Misure urgenti connesse all'emergenza da COVID-19, per le imprese, il lavoro, i giovani, la salute e i servizi territoriali. (G.U. 25.05.2021, n. 123)

Titolo II - Misure per l'accesso al credito e la liquidità delle imprese

Art. 18 - Recupero dell'IVA su crediti non riscossi nelle procedure concorsuali

1. All'articolo 26 del Decreto del Presidente della Repubblica 26 ottobre 1972, n. 633, sono apportate le seguenti modificazioni:

a) al comma 2 le parole «o per mancato pagamento in tutto o in parte a causa di procedure concorsuali o di procedure esecutive individuali rimaste infruttuose o a seguito di un accordo di ristrutturazione dei debiti omologato ai sensi dell'articolo 182-bis del regio decreto 16 marzo 1942, n. 267, ovvero di un piano attestato ai sensi dell'articolo 67, terzo comma, lettera d), del medesimo regio decreto n. 267 del 1942, pubblicato nel registro delle imprese» sono soppresse;

b) dopo il comma 3, è inserito il seguente: «3-bis. La disposizione di cui al comma 2 si applica anche in caso di mancato pagamento del corrispettivo, in tutto o in parte, da parte del cessionario o committente:

a) a partire dalla data in cui quest'ultimo è assoggettato a una procedura concorsuale o dalla data del decreto che omologa un accordo di ristrutturazione dei debiti di cui all'articolo 182-bis del Regio Decreto 16 marzo 1942, n. 267, o dalla data di pubblicazione nel registro delle imprese di un piano attestato ai sensi dell'articolo 67, terzo comma, lettera d), del regio decreto 16 marzo 1942, n. 267;

b) a causa di procedure esecutive individuali rimaste infruttuose.»;

c) al comma 5, è aggiunto, in fine, il seguente periodo: «L'obbligo di cui al primo periodo non si applica nel caso di procedure concorsuali di cui al comma 3-bis, lettera a).»;

d) dopo il comma 5, è inserito il seguente: «5-bis. Nel caso in cui, successivamente agli eventi di cui al comma 3-bis, il corrispettivo sia pagato, in tutto o in parte, si applica la disposizione di cui al comma 1. In tal caso, il cessionario o committente che abbia assolto all'obbligo di cui al comma 5 ha diritto di portare in detrazione ai sensi dell'articolo 19 l'imposta corrispondente alla variazione in aumento.»;

e) al comma 8, le parole «ai commi 2, 3 e 5» sono sostituite dalle seguenti «ai commi 2, 3, 3-bis e 5»;

f) dopo il comma 10, è inserito il seguente comma: «10-bis. Ai fini del comma 3-bis, lettera a), il debitore si considera assoggettato a procedura concorsuale dalla data della sentenza dichiarativa del fallimento o del provvedimento che ordina la liquidazione coatta amministrativa o del decreto di ammissione alla procedura di concordato preventivo o del decreto che dispone la procedura di amministrazione straordinaria delle grandi imprese in crisi.»;

g) al comma 12, le parole «ai fini del comma 2» sono sostituite dalle seguenti «ai fini del comma 3-bis, lettera b),».

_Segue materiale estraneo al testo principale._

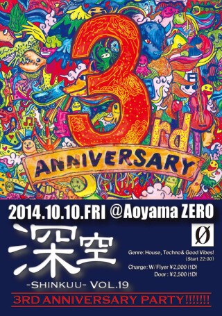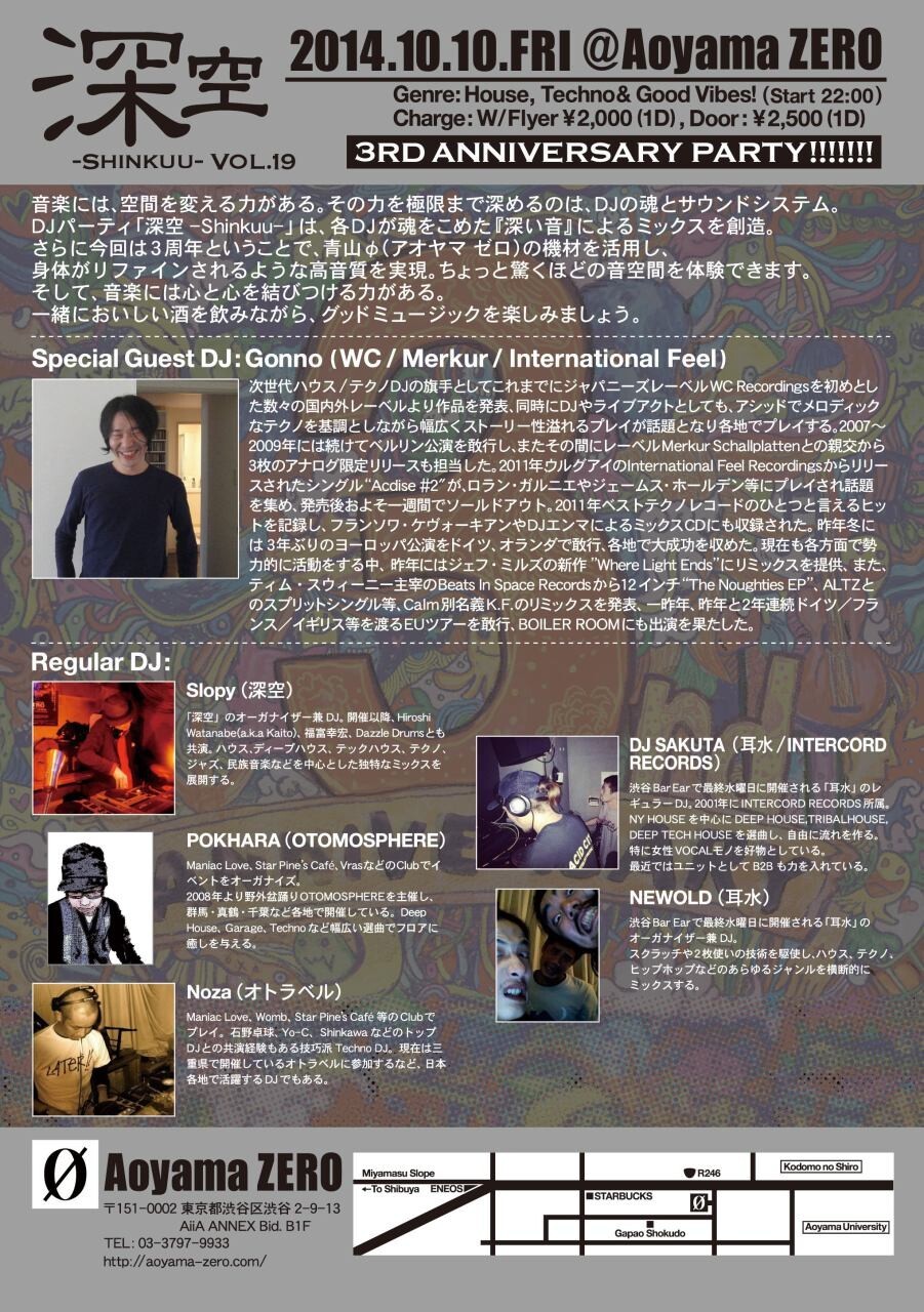 「深い音」を「良質な空間」でお届けする『深空-Shinkuu-』は、Gonnoを迎え、青山ZERO(アオヤマ ゼロ)にて3周年のアニヴァーサリーパーティを開催します!

2. Le disposizioni di cui all'articolo 26, comma 3-bis, lettera a), e comma 5, secondo periodo, del Decreto del Presidente della Repubblica 26 ottobre 1972, n. 633, nel testo risultante dalle modifiche apportate dal comma 1 si applicano alle procedure concorsuali avviate successivamente alla data di entrata in vigore del presente decreto.

3. Alle minori entrate derivanti dal presente articolo valutate in 340 milioni di euro per l'anno 2021, si provvede ai sensi dell'articolo 77.